Supreme Court hears Halifax language case

The Supreme Court of Canada has reserved its decision after a hearing Wednesday into a French-language rights case from Halifax.

The Supreme Court of Canada has reserved its decision on a French-language rights case from Halifax following a hearing Wednesday.

The highest court in the country will determine whether the Nova Scotia Human Rights Commission can hear a discrimination complaint against the Halifax Regional Municipality, even though the policy that led to this complaint has changed.

Lucien Comeau turned to the commission years eight years ago to complain about a lack of supplementary funding for French-language schools.

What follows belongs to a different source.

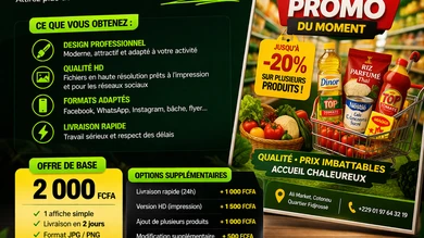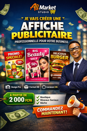 Vous cherchez un design professionnel qui attire l’attention et augmente vos ventes ? Vous êtes au bon endroit ! Je suis designer graphique spécialisé dans la création de : Affiches publicitaires Flyers professionnels Visuels réseaux sociaux Logos modernes Mon objectif : vous aider à attirer plus de clients avec un design impactant. Travail rapide et de qualité Révisions incluses Livraison professionnelle Contactez-moi maintenant pour discuter de votre projet ! Je réalises des affiches modernes, attractives et adaptées à votre activité (boutique, entreprise, événement, produits locaux, etc.). Ce que vous obtenez : Une affiche design professionnel Format adapté (Facebook, WhatsApp, impression bâche) Intégration de vos produits et informations Couleurs et style modernes Qualité HD. Idéal pour : Boutiques (comme alimentation, produits locaux). Promotions et offres spéciales Publicité sur réseaux sociaux Bâches et flyers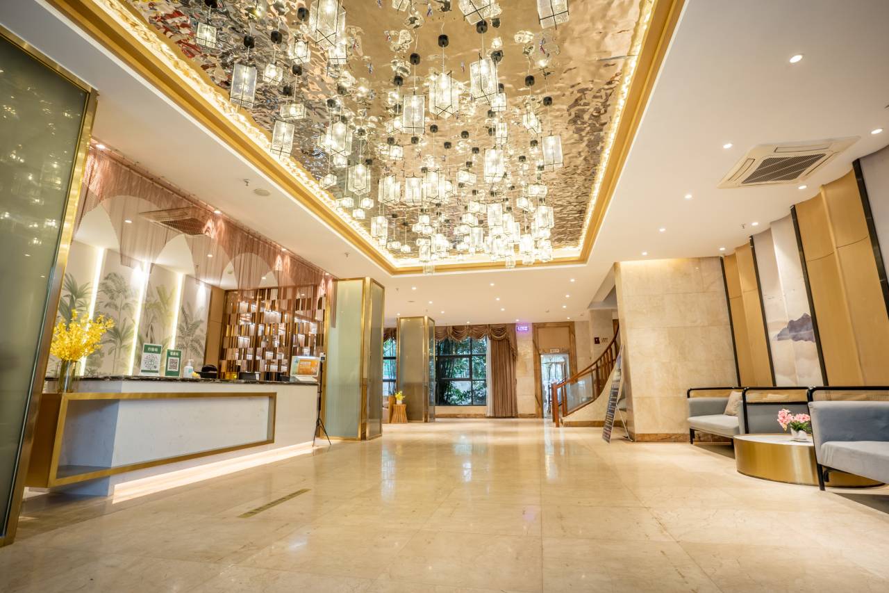 酒店整体装饰豪华典雅,客房舒适温馨,房型种类多样,高清投影,独立卫浴,梦百合零压枕垫等优质床品及设备设施,周到完善。

At the time, the money from ratepayers went to schools run by the Halifax Regional School Board, not the Conseil scolaire acadien provincial.

Comeau, an Acadian, claims that amounted to discrimination. Though he was paying taxes, none of the money for supplementary funding went to the schools his children attended.

The policy at the centre of his complaint changed in 2006. French-language schools have been getting a share of supplementary funding ever since.

The municipality argues there's no need for a human rights inquiry because the funding policy has changed.

HRM won a court case in 2009 to prevent an inquiry. However, the decision was later overturned by the Nova Scotia Court of Appeal. The municipality appealed that ruling to the Supreme Court.

Michel Doucet represented Comeau at a hearing in Ottawa on Wednesday.

"If the decision is favourable …  it would mean easier access to justice for ordinary citizens in Canada, and certainly Mr. Comeau would have a ground-breaking decision," said Doucet.

He said it could be at least five months before there's a decision.